# DATA FOR ANALYSIS

=== Begin Enclosure ===

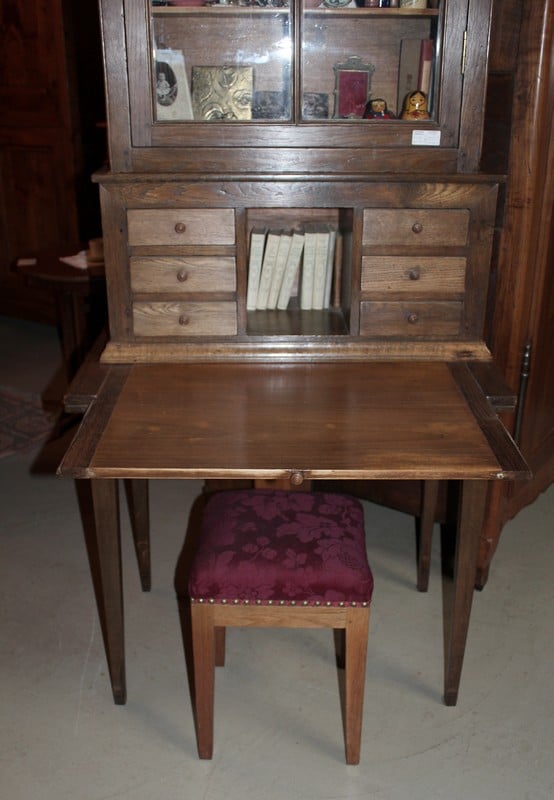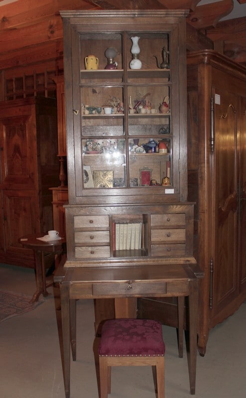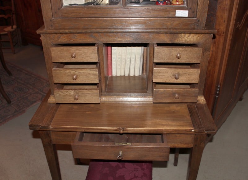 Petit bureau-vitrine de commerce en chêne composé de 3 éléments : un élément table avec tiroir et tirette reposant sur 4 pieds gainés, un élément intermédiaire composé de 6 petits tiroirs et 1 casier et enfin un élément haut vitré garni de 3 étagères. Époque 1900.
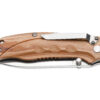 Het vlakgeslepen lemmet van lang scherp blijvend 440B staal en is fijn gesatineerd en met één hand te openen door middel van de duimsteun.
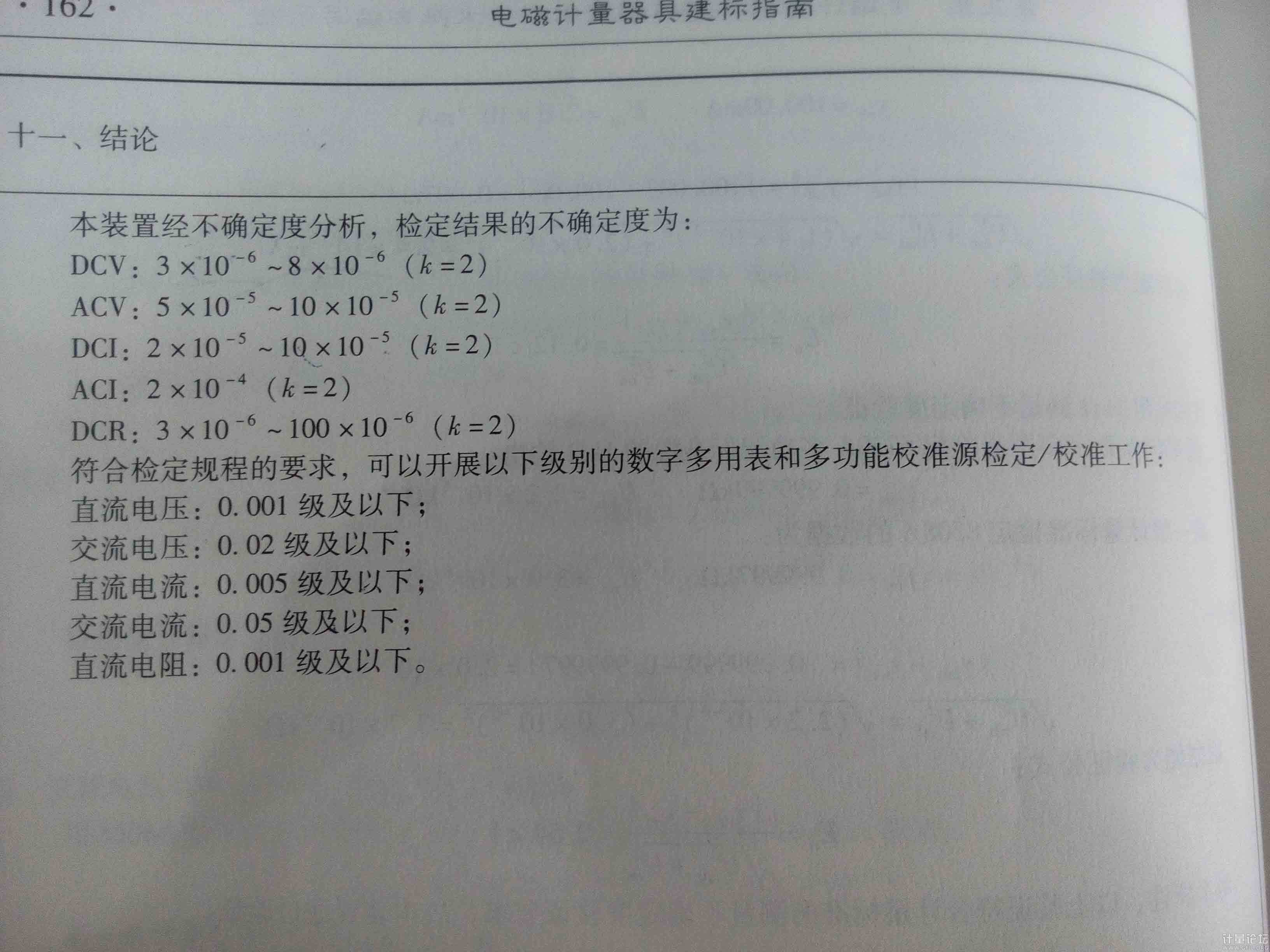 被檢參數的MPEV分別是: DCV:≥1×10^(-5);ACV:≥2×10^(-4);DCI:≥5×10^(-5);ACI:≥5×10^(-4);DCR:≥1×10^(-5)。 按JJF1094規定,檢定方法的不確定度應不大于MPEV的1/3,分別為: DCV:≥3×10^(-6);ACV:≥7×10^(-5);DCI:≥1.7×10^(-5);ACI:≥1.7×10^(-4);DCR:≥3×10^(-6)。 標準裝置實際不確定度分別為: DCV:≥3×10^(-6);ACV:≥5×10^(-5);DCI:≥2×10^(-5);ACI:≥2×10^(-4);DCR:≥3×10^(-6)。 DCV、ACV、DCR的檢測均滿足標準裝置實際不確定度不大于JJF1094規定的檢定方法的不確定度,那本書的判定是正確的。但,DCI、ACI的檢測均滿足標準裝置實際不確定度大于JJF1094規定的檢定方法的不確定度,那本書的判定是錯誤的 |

=== End Enclosure ===
=== Begin Enclosure ===

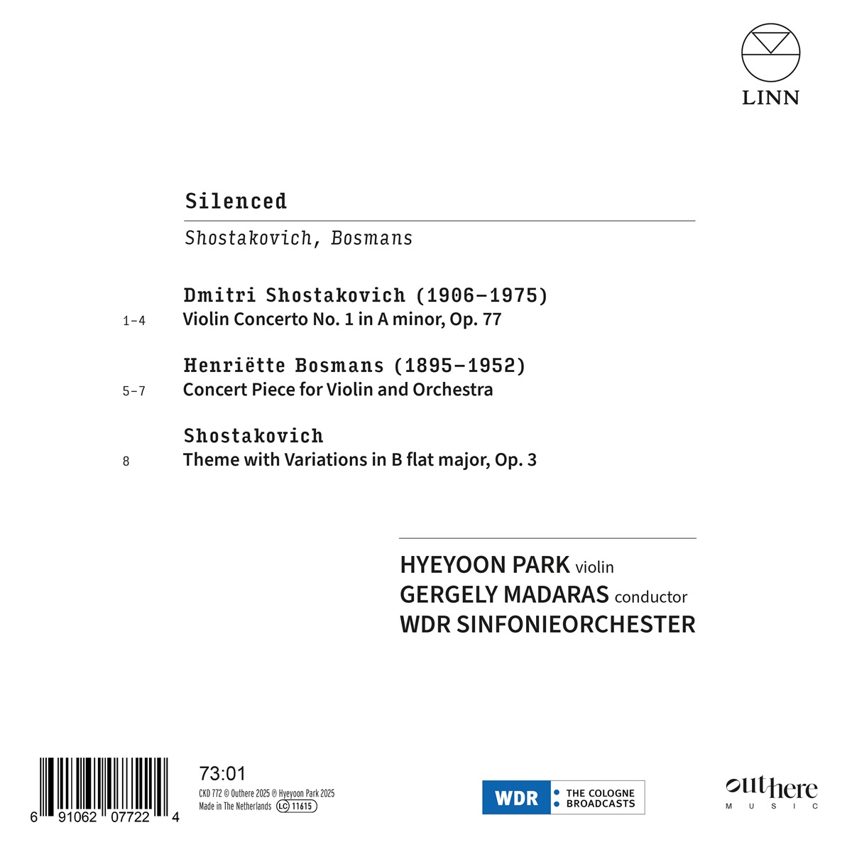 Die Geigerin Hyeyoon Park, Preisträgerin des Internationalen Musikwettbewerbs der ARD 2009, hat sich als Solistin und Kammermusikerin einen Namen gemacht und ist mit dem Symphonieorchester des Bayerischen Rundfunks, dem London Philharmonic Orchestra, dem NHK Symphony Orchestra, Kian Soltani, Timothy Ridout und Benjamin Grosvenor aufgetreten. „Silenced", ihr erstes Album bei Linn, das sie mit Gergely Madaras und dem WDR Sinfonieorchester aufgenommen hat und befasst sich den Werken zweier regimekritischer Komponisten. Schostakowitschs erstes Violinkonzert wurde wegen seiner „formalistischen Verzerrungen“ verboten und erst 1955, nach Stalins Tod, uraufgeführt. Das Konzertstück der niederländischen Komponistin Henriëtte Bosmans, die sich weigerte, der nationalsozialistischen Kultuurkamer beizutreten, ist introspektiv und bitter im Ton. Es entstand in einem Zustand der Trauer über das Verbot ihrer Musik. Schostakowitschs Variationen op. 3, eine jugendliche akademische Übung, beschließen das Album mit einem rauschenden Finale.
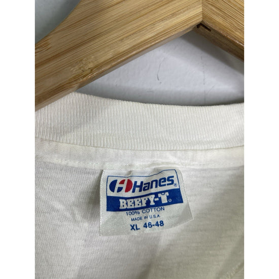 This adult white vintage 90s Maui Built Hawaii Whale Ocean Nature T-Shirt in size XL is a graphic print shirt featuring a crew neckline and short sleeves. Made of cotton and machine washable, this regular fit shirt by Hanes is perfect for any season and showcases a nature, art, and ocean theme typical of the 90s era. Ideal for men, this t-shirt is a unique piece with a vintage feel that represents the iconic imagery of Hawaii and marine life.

=== End Enclosure ===
=== Begin Enclosure ===

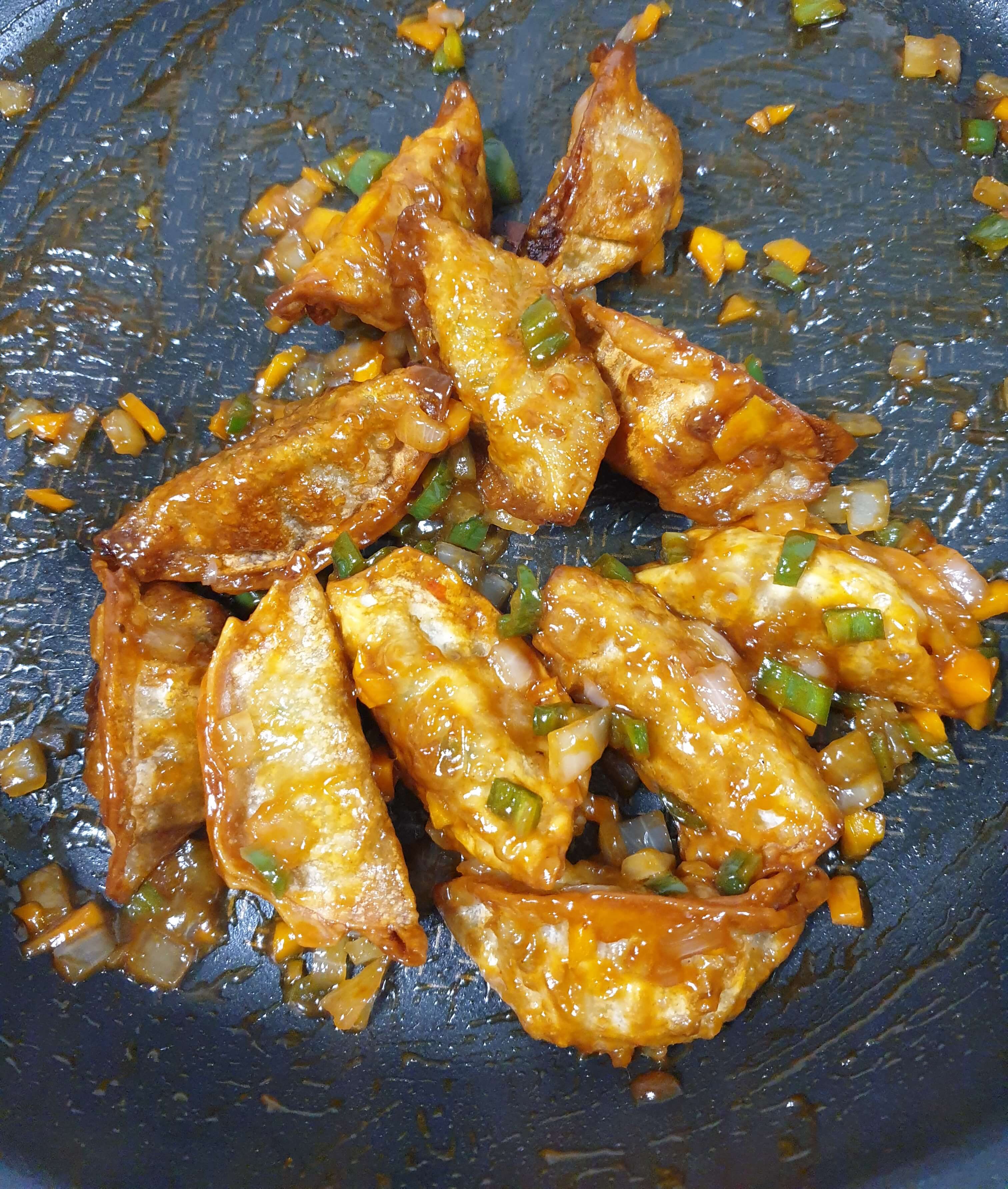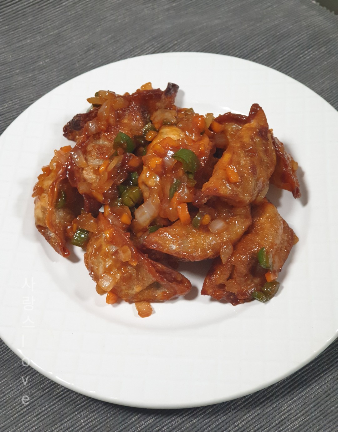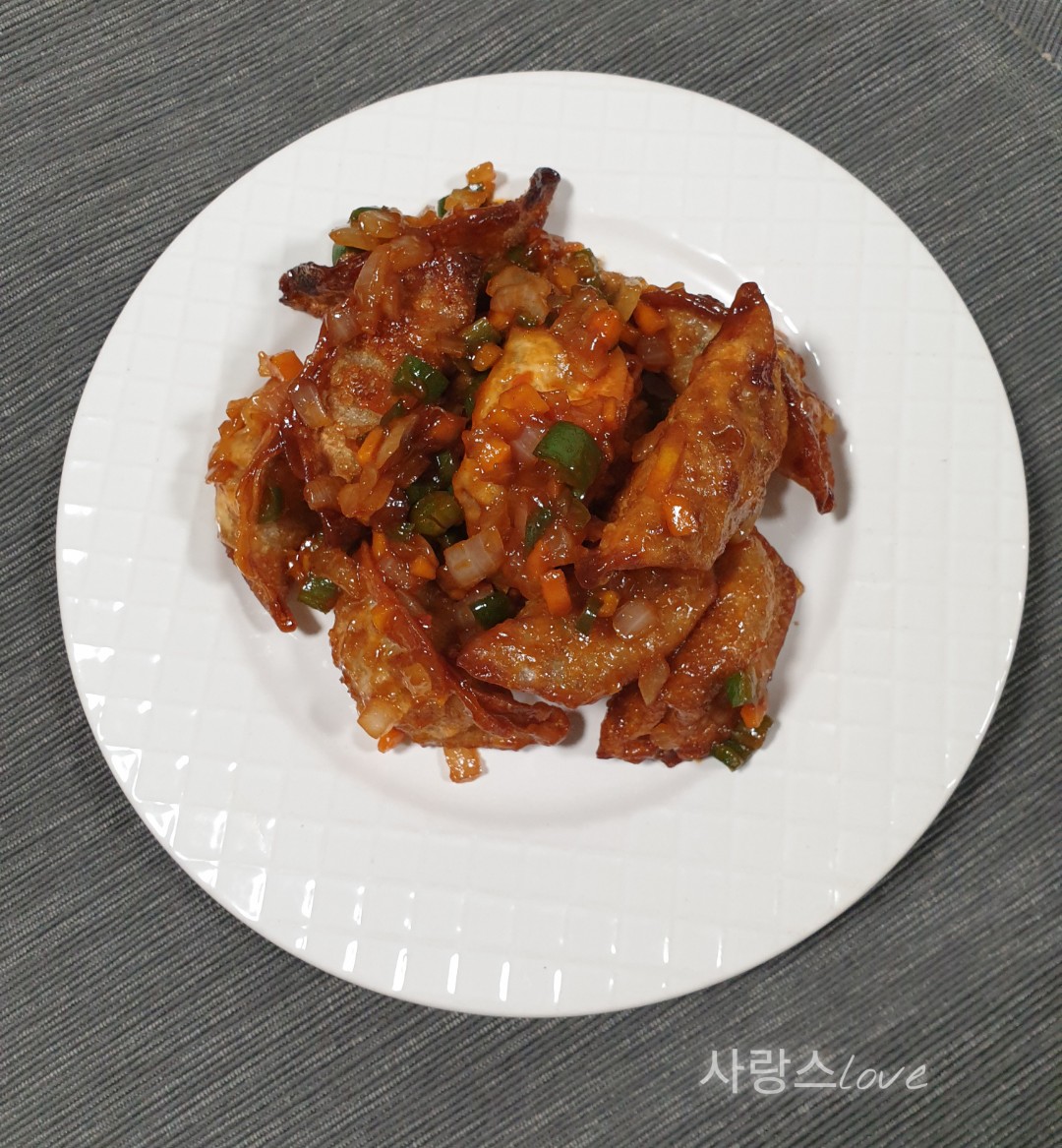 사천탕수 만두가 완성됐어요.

=== End Enclosure ===

# WORK INSTRUCTION
Word for word, restate the lines above from the one with "Die Geigerin Hyeyoon" through the one with "This adult white", keeping both ends and dropping the pictures.

# TASK SOLUTION
 Die Geigerin Hyeyoon Park, Preisträgerin des Internationalen Musikwettbewerbs der ARD 2009, hat sich als Solistin und Kammermusikerin einen Namen gemacht und ist mit dem Symphonieorchester des Bayerischen Rundfunks, dem London Philharmonic Orchestra, dem NHK Symphony Orchestra, Kian Soltani, Timothy Ridout und Benjamin Grosvenor aufgetreten. „Silenced", ihr erstes Album bei Linn, das sie mit Gergely Madaras und dem WDR Sinfonieorchester aufgenommen hat und befasst sich den Werken zweier regimekritischer Komponisten. Schostakowitschs erstes Violinkonzert wurde wegen seiner „formalistischen Verzerrungen“ verboten und erst 1955, nach Stalins Tod, uraufgeführt. Das Konzertstück der niederländischen Komponistin Henriëtte Bosmans, die sich weigerte, der nationalsozialistischen Kultuurkamer beizutreten, ist introspektiv und bitter im Ton. Es entstand in einem Zustand der Trauer über das Verbot ihrer Musik. Schostakowitschs Variationen op. 3, eine jugendliche akademische Übung, beschließen das Album mit einem rauschenden Finale.
 This adult white vintage 90s Maui Built Hawaii Whale Ocean Nature T-Shirt in size XL is a graphic print shirt featuring a crew neckline and short sleeves. Made of cotton and machine washable, this regular fit shirt by Hanes is perfect for any season and showcases a nature, art, and ocean theme typical of the 90s era. Ideal for men, this t-shirt is a unique piece with a vintage feel that represents the iconic imagery of Hawaii and marine life.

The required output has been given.